Heat shock proteins (Hsps) occur in nearly all organisms 1, and usually act as molecular chaperones, promoting correct refolding and preventing aggregation of denatured proteins 2. Based on molecular weight, Hsps can be categorized into several families, including Hsp90, Hsp70, Hsp60, Hsp40 (so-called large Hsps) and small Hsps (sHsps, with the molecular weights varying from 12 to 43 kDa).

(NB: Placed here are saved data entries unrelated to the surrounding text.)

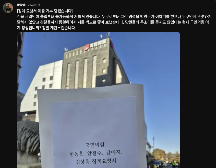 누군가가.. 국민의힘 당사에 방문해.. 탄핵소추안에 찬성이든... 반대든.. 표결을 한 국회의원에 대해 징계요청서를 낼려 했으나 못했다고 사진과 글을 올렸더군요.. 위의 보도내용에 나오는 박광배씨입니다.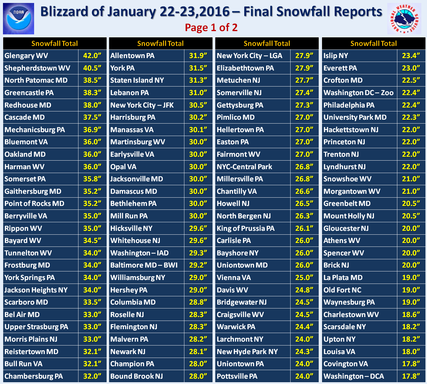 Philadelphia and southeastern Pennsylvania observed over 20” (50 cm) of snow for much of the region, with Philadelphia recording it’s 4th largest snowfall on record at 22.4” (56.9 cm). SEPTA and New Jersey Transit service was suspended during the storm and are slowly beginning operation throughout the day Sunday.
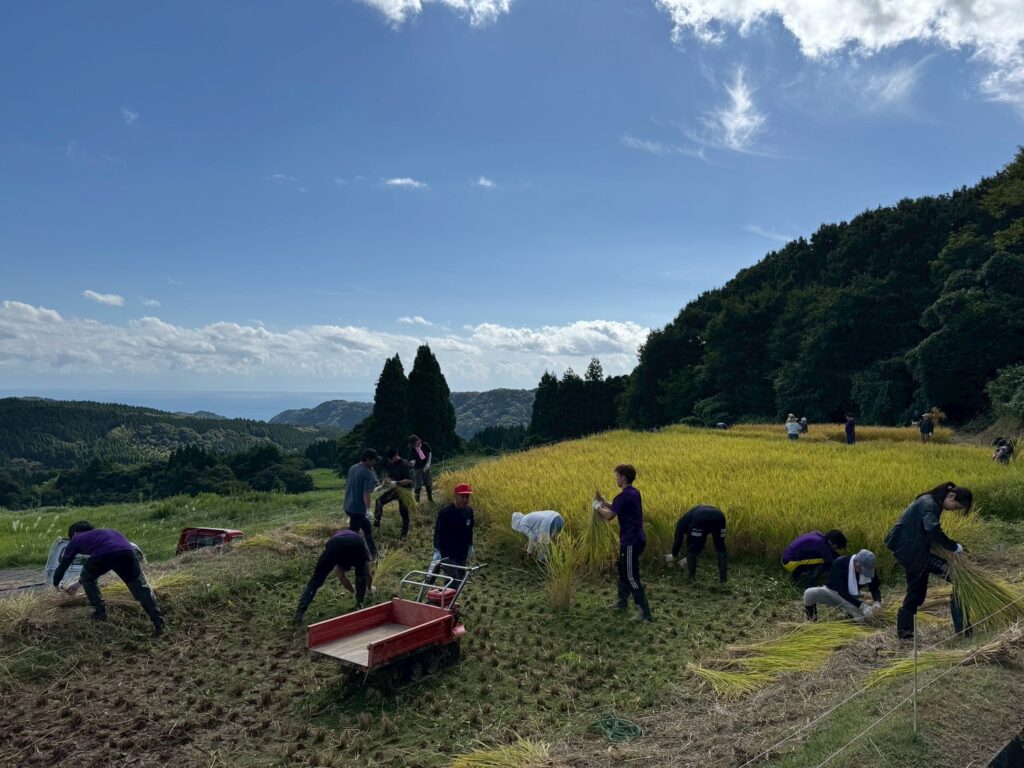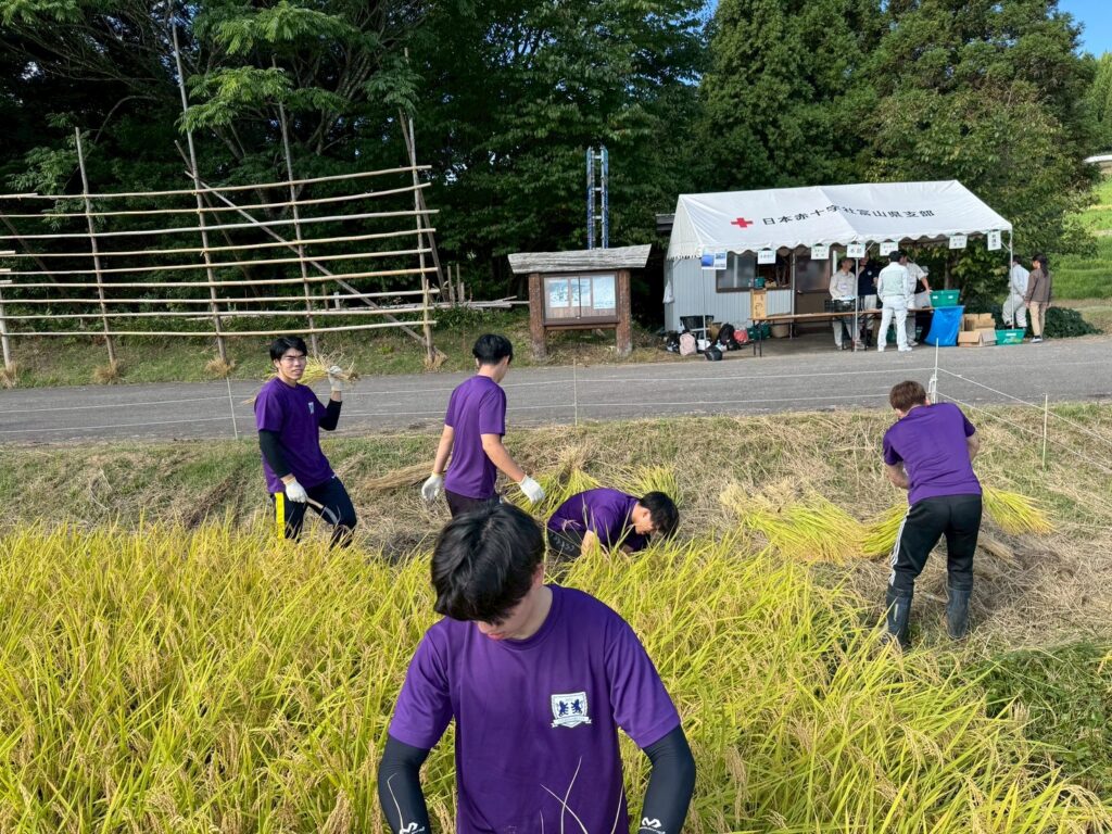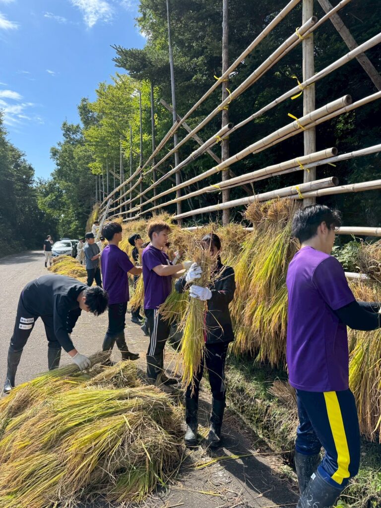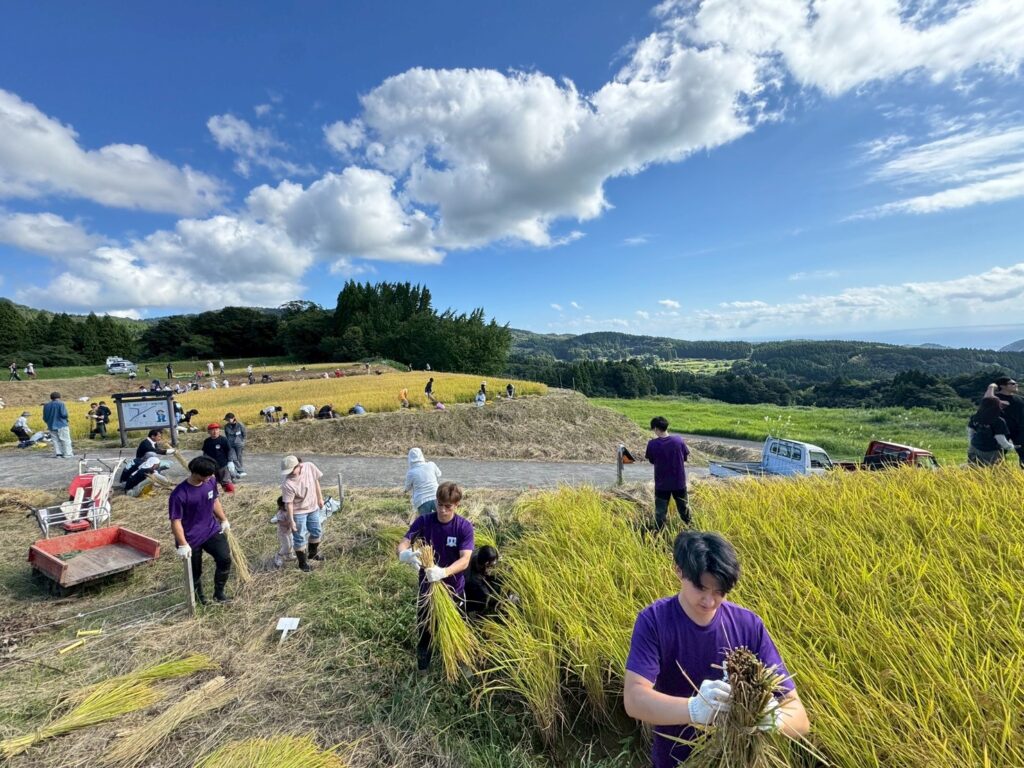 2025年9月27日、「日本の棚田百選」に選ばれている富山県氷見市長坂の棚田での稲刈りに、今年も富山ドリームスの選手が参加しました。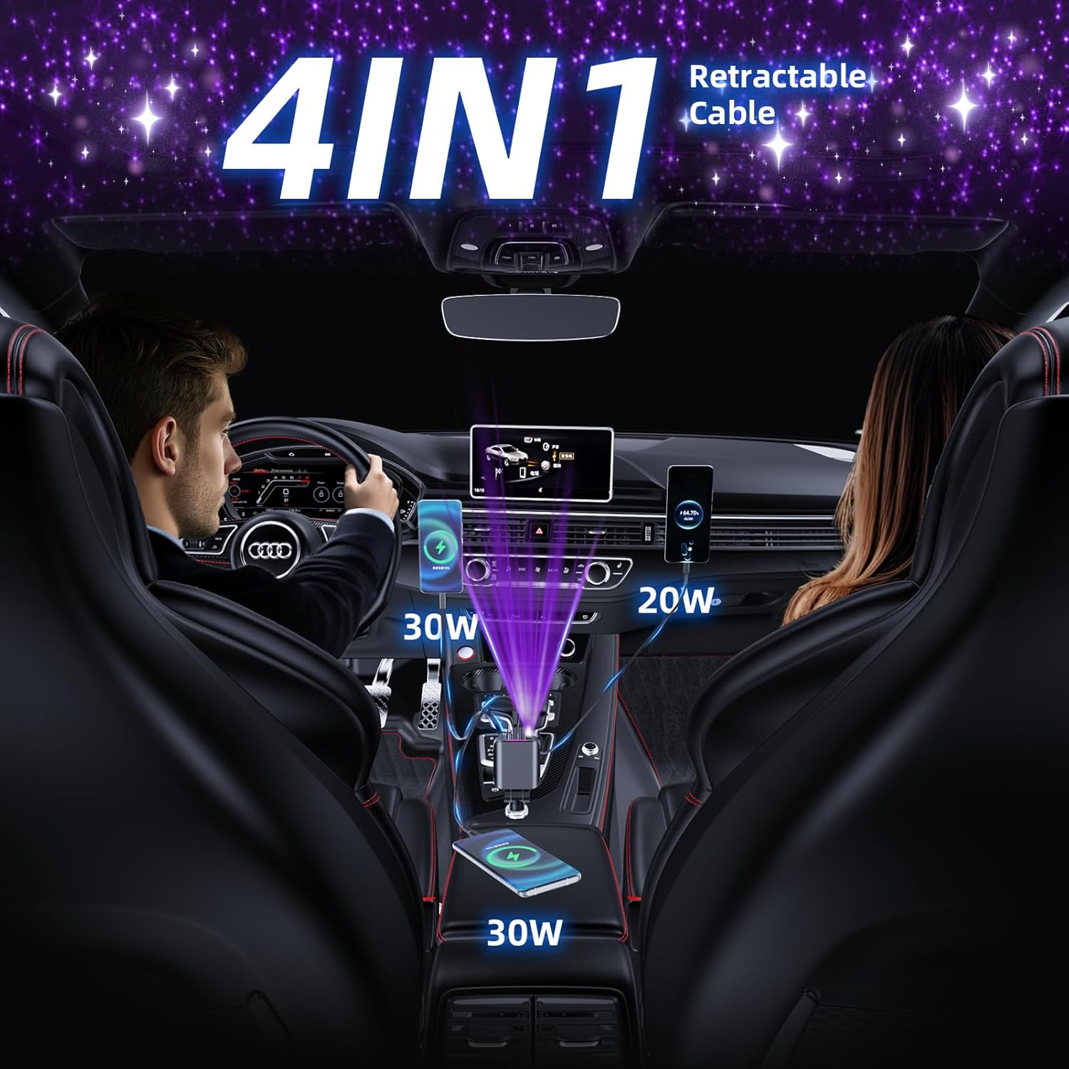 - The 4 in 1 Starlight Retractable Car Charger with Max 120W Type-C Retractable Cable (Fast Charging Port), IOS Converter Connector, Dual USB Ports for USB-C and USB-A, and additional Purple Star Top Ambient and RGB light, the retractable cable extends up to 31.5 inches, making it the perfect men's truck accessory and a cool gift for the A cool gift for truckers, it supports Android and iPhone users, includes fast USB C charging for the iPhone 16 Pro Max and other USB C devices, and provides a simple storage solution to keep your vehicle neat and organized

Extensive studies have been carried out on the evolution of individual Hsp families, which indicate that the Hsps are organellar proteins 3, 4. The endosymbiont theory (or gene transfer) is widely accepted to explain the origin of organelle-localized proteins 5. However, some Hsps, such as chloroplast (CP) Hsp90s, do not conform to this rule, and they appear to arise from the endoplasmic reticulum (ER) version rather than from the cyanobacteria 3, 4. Moreover, the origins of mitochondria (MT) versions of both Hsp90s and Hsp40s presented in our study do not agree with the gene transfer theory. In order to fully understand the evolutionary lineage of the Hsp superfamily, we retrieved the Hsp analogs from diverged eukaryotic organisms from the GenBank (Table S1-S2), and constructed phylogenetic trees for each Hsp family. Intriguingly, we found that the large and small Hsp families had different evolutionary patterns and lineages, and that gene replacement (i.e. intruding eubacterial genes replacing pre-existing nuclear counterparts) could be another evolutionary mechanism in the large Hsps.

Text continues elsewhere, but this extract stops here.